Records for this exercise »
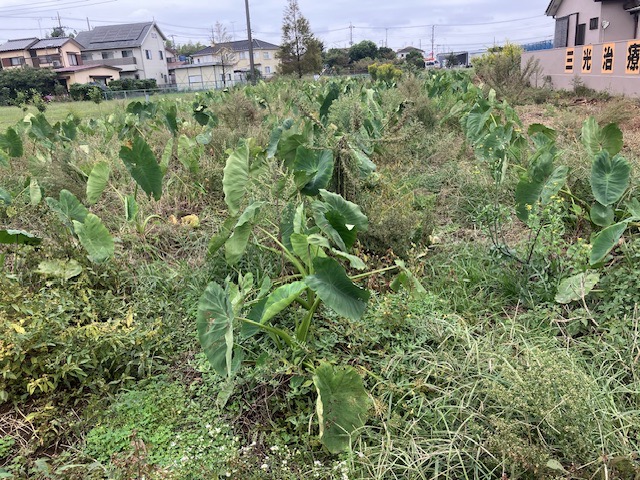 里芋の畑です。コレとこの前投稿した里芋を乾かしている写真を先生に送ろうと思います。
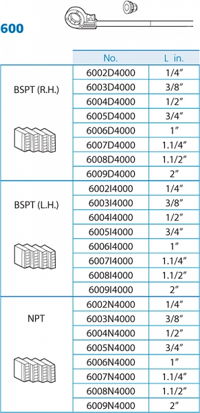 | 600010000 | Резьбонарезная трещотка | 1 1/2" – 2" | BSPT, NPT, Метрическая | R / L (Правая / Левая) |
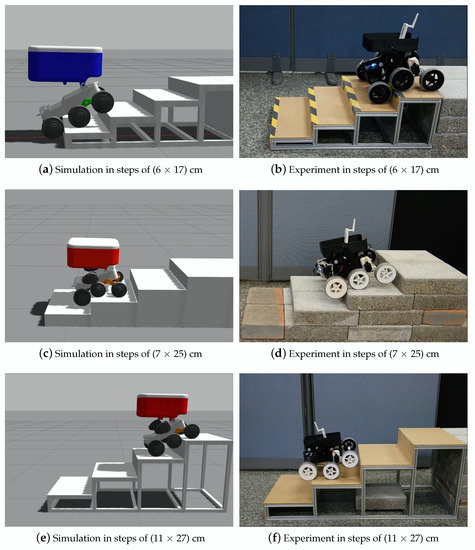 The 6-wheel robot was designed and optimized by the Taguchi method. Table 1 and Table 6 show the initial and optimized robot parameters. The simulation and experiments were carried out during climbing up and down steps of (6 × 17) cm, (7.5 × 25) cm, and (11 × 27) cm. The sensors for measuring the contact angle between the wheel–ground are encoders in each bogie, LiDAR sensor in each side of the robot, and IMU in the chassis. Each wheel has an independent actuator and one position-controlled motor in the chassis; To maintain the delivery package horizontal with respect to the ground, the IMU senses the rotation of the chassis. Then the motor rotates at the same angle in the opposite direction to the inclination of the chassis
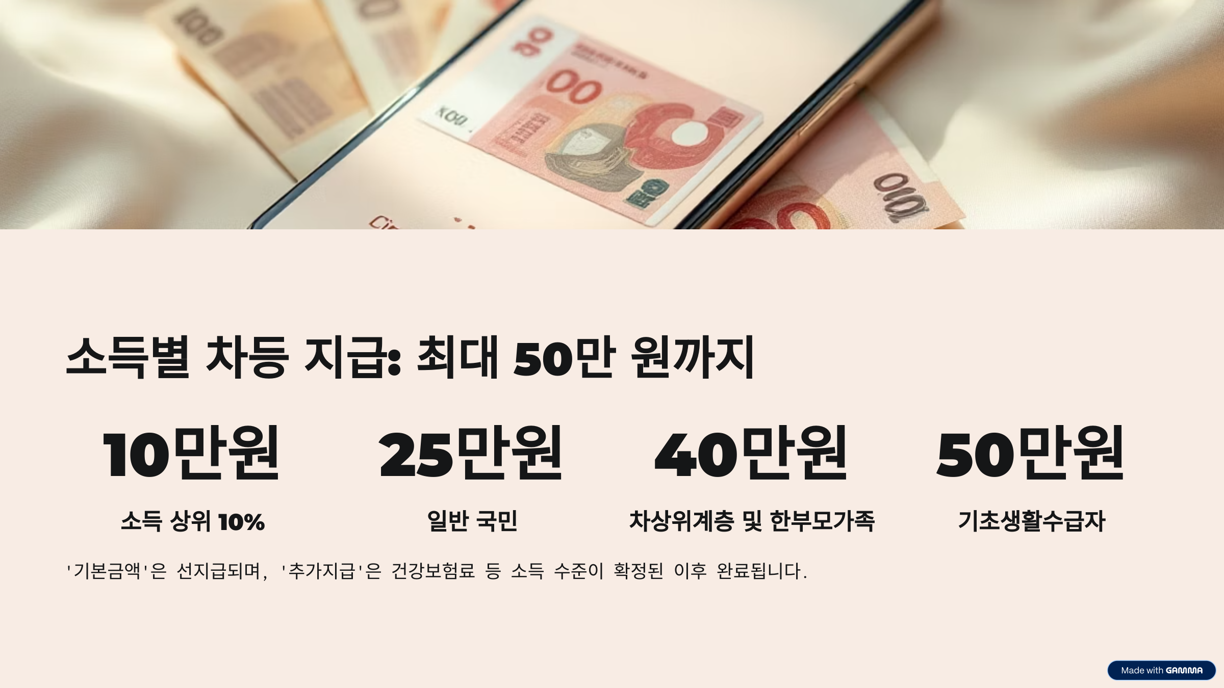 소득별 차등 지급: 최대 50만 원까지
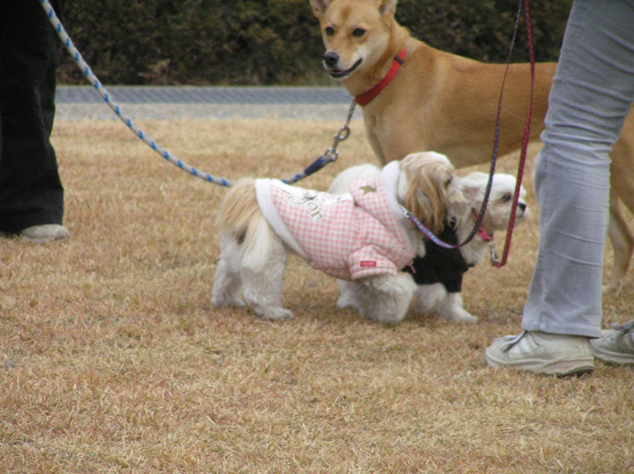 急に向きをかえるワンコ達。

Problem requirements »
When copying the entries above, keep each word as it is and exclude any image.

Solution to the exercise »
 里芋の畑です。コレとこの前投稿した里芋を乾かしている写真を先生に送ろうと思います。
 | 600010000 | Резьбонарезная трещотка | 1 1/2" – 2" | BSPT, NPT, Метрическая | R / L (Правая / Левая) |
 The 6-wheel robot was designed and optimized by the Taguchi method. Table 1 and Table 6 show the initial and optimized robot parameters. The simulation and experiments were carried out during climbing up and down steps of (6 × 17) cm, (7.5 × 25) cm, and (11 × 27) cm. The sensors for measuring the contact angle between the wheel–ground are encoders in each bogie, LiDAR sensor in each side of the robot, and IMU in the chassis. Each wheel has an independent actuator and one position-controlled motor in the chassis; To maintain the delivery package horizontal with respect to the ground, the IMU senses the rotation of the chassis. Then the motor rotates at the same angle in the opposite direction to the inclination of the chassis
 소득별 차등 지급: 최대 50만 원까지
 急に向きをかえるワンコ達。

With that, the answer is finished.